For the screening of cytokines and chemicals, the whole cell lysate of the hPGCLC expansion culture was subjected to reverse transcription and subsequent qPCR using a CellAmp Direct TB Green RT–qPCR kit (Takara, 3735A) following the manufacturer’s instructions. For other experiments, total RNA was extracted from cells using a NucleoSpin RNA XS kit (Macherey-Nagel, U0902A) according to the manufacturer’s instructions. A total of 1 ng of extracted RNA was used for reverse transcription and cDNA amplification as described in a previous report63. Amplified cDNA was used for qPCR with Power SYBR Green PCR master mix (Applied Biosystems, 4367659) on a CFX384 Touch Real-Time PCR detection system (Bio-Rad Laboratories). For the cytokines and chemicals screen, the whole cell lysate of the hPGCLC expansion culture was subjected to reverse transcription and subsequent qPCR using a CellAmp Direct TB Green RT–qPCR kit (Takara, 3735A) following the manufacturer’s instructions. DNA sequences of the primers used for qPCR are listed in Supplementary Table 11.

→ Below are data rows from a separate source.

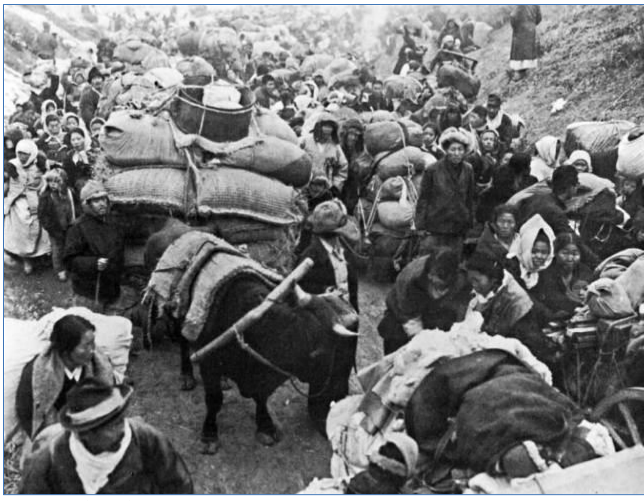
Refugees on the road to Hungnam 1950

Sun Myung Moon Republished by International HQ Mission Office December 10, 2021
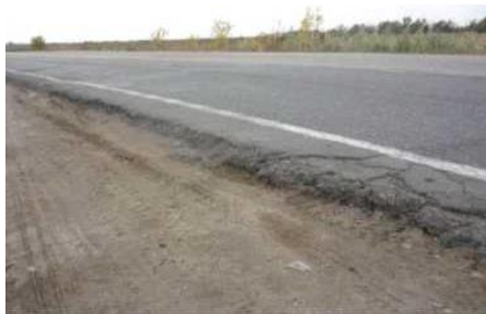
Fig. 3. The excess of the edge of the road pavement over the curb
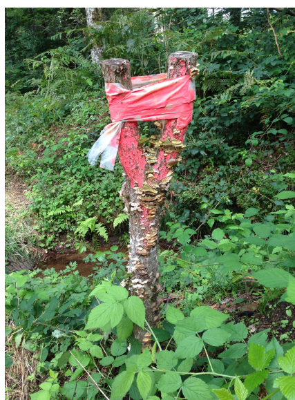
Figure 2: Sign, Corrèze. 2014.

https://www.youtube.com/watch?v=HXZ4_0UxRCI&feature=youtu.be

Reference genomes and annotations

Genome sequences and transcript annotations for the human genome (GRCh38.p12) were downloaded from the NCBI ftp site. Repeatmasker information for GRCh38 was downloaded from the UCSC table browser. CpG islands were from previously defined data64 in hg18 format, which were converted into GRCh38 using the binary version of the LiftOver program (https://genome.ucsc.edu/cgi-bin/hgLiftOver). DMRs of imprinted genes were obtained from a previous study65. Promoter regions of genes were defined as sequences between 900 bp upstream and 400 bp downstream of the transcription start sites (TSSs). Intergenes were defined as regions between genes and excluding retrotransposons. Exons, introns and intergenes with a length of between 500 bp and 10 kb were used for the analysis.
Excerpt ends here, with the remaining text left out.